BEGIN

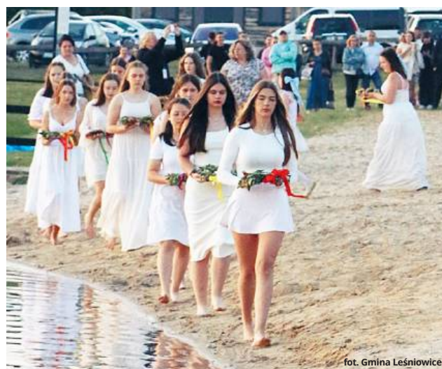
fol. Gmina Leśniowice

I to nie tylko za sprawą pięknej pogody. Przez dwa dni wyjątkowo dużo się tutaj działo. W piątek (20 czerwca) oficjalnie otwarto odnowiony Samorządowy Ośrodek Kultury w Leśniowicach. Tego samego dnia nad Zalewem Maczuley w Horodysku rozpoczęła się dwudniowy Festiwal Letniego Przesilenia - wydarzenie pełne słowiańskiej tradycji, muzyki, świętości i wspólnego świętowania najkrótszej nocy w roku.
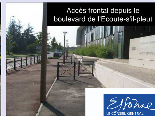
Accès frontal depuis le boulevard de l'Écoute-s'il-pleut
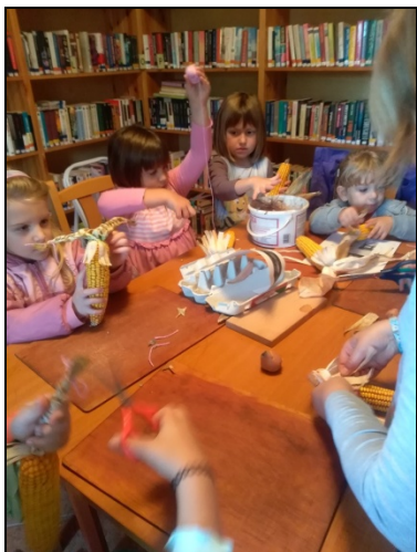
Meselesen a nemesrádói fiatalok

END

- **THE PROBLEM**
Leaving out the pictures, output the listing above exactly as given.

- **EXERCISE SOLUTION**
fol. Gmina Leśniowice

I to nie tylko za sprawą pięknej pogody. Przez dwa dni wyjątkowo dużo się tutaj działo. W piątek (20 czerwca) oficjalnie otwarto odnowiony Samorządowy Ośrodek Kultury w Leśniowicach. Tego samego dnia nad Zalewem Maczuley w Horodysku rozpoczęła się dwudniowy Festiwal Letniego Przesilenia - wydarzenie pełne słowiańskiej tradycji, muzyki, świętości i wspólnego świętowania najkrótszej nocy w roku.
Accès frontal depuis le boulevard de l'Écoute-s'il-pleut
Meselesen a nemesrádói fiatalok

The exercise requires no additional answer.